There’s also the role that stress likely plays in male infertility. If you’re constantly under a lot of stress, it’s probably going to affect your fertility. Studies have shown that even a short period of stress can significantly reduce a man’s sperm count. So if you find that you’re not getting any sleep or have a lot on your plate at work, there’s a good chance that your sperm quality is suffering as a result. If you’re worried about your fertility, you should try to reduce your stress levels as much as possible. Seek out support from friends and family as well as professional help if necessary.
Another thing to consider is your diet. A healthy diet is important for many reasons, but it’s especially important if you want to have children. A healthy diet supports your body’s hormonal function and, therefore, supports your fertility. This is because the type of food you eat affects the function of your immune system. A healthy diet also provides your body with essential vitamins and minerals that are necessary for good health. When you eat foods rich in these nutrients, your body will be better equipped to fight off any infections or ailments that might jeopardize your fertility. Finally, a healthy diet supports your body’s energy levels. If you feel like you’re running on empty most of the time, it might be because your diet isn’t supplying your body with the nutrients it needs to function at its best. You should try to eat more fruits and vegetables and avoid anything processed or stored in oil. While this might not seem like an easy task given the abundance of food that’s available these days, try to focus on what’s important to you and make the changes you need to make in order to improve your health and, therefore, your fertility.

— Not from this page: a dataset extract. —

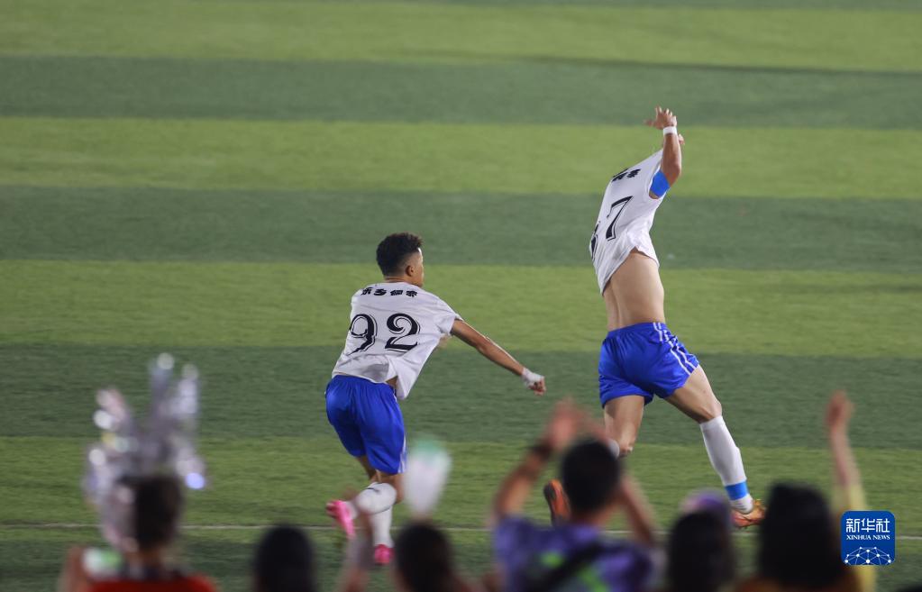 7月29日,忠誠村隊球員在決賽中取得進(jìn)球后慶祝。新華社記者 劉續 攝

Once you’ve ruled out the above factors, it’s time to consider the treatment available. Your first port of call should be your physician or reproductive endocrinologist. They will be able to give you a full assessment of your situation and help you decide on the most appropriate course of treatment for you. If you’re already under their care, getting a full assessment from them is the next step. They will be able to tell you whether or not you’re responding to treatment and, if not, help you decide on what to try next. If you’re looking to buy gear to enhance your bedroom performance, you should probably avoid anything made of plastic. These are often a source of endocrine disruptors. Look for natural products made from organic fruit pits or herbs rather than synthetic chemicals. And above all, make sure that the products you’re using are both safe and effective.